The outputs, \mathbf{y} are outputs of the system, i.e. values that depend on the previous values of the states and inputs. The difference between outputs and states is that outputs do not feed back into the system.

The parameters \mathbf{w} are fixed quantities that are re-used at every time step of the evolution of the system.

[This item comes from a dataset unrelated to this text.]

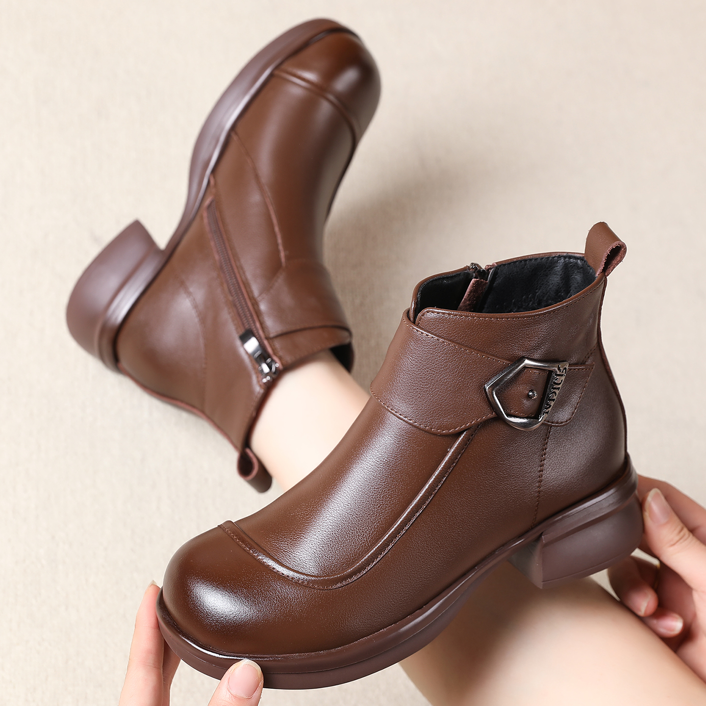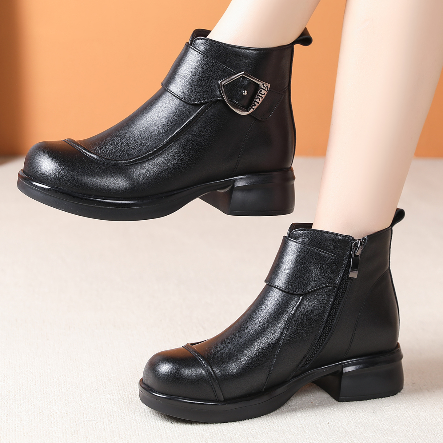 真皮粗跟马丁靴女秋冬舒适软底短靴大码短筒女靴保暖加绒妈妈棉鞋

Each of the equations above are implemented by the inner function of scan. You can think of the inner function as a theano function that gets executed at each step to get the new values. This inner function should not be confused with the constructive function, which is what the user gives to the scan function. The constructive function is used to construct the computational graph that is afterwards compiled into the inner function.

Naming conventions

  • input_state will stand for a state \mathbf{x}, when it is provided as an input to the recurrent formula (the inner function) that will generate the new value of the state
  • output_state will stand for a state \mathbf{x} when it refers to the result of the recurrent formula (the output of the inner function)
  • output will stand for an output \mathbf{y}
  • input will be an input \mathbf{u}
  • parameter will stand for a parameter tensor \mathbf{w} that stays constant at each step of the inner function
  • non_numeric_input_state will stand for states that are not numeric in nature, more specifically random states, when they are provided as an input. The same holds for non_numeric_output_state.
  • t is the time index (the current step in the evolution of the system).
  • T is the total number of steps in the evolution of the system.
  • the suffix _slices added to either x or u will mean the list of variables representing slices of states or inputs. These are the arguments given to the constructive function of scan (see above).
  • the suffix _inner added to x, y, xy, u, w or z will mean the variables representing the state/output/input/weights in the inner function
  • the suffix _outer added to x, y, xy, u, w or z will mean the variables representing the state/output/input/weights in the main computational graph (the one containing the scan op).

Files

The implementation of scan is spread over several files. The different files, and section of the code they deal with, are :

  • scan.py implements the scan function. The scan function arranges the arguments of scan correctly, constructs the scan op and afterwards calls the constructed scan op on the arguments. This function takes care of figuring out missing inputs and shared variables.
  • scan_op.py implements the scanOp class. The scanOp respects the Op interface, and contains most of the logic of the scan operator.
  • scan_utils.py contains several helpful functions used through out the other files that are specific of the scan operator.
  • scan_views.py contains different views of the scan op that have simpler and easier signatures to be used in specific cases.
  • scan_opt.py contains the list of all optimizations for the scan operator.

The logical flow

First the scan arguments are parsed by the function canonical_arguments, that wraps them into lists and adds default values for the arguments. One important step that happens in this function is that the inputs arguments are converted such that they all have a single tap, namely 0. For example if you have [{'input':u, 'taps':[0, 4]}] as the list of inputs arguments to scan, it gets converted into [{'input':u, 'taps':[0]}, {'input':u[4:], 'taps':[0]}].

The second step is to check if n_steps is a constant and has the value 1 or -1. If that is true then the function one_step_scan is called which unwraps the computation of the inner function into the outer graph without adding any scan op in the graph.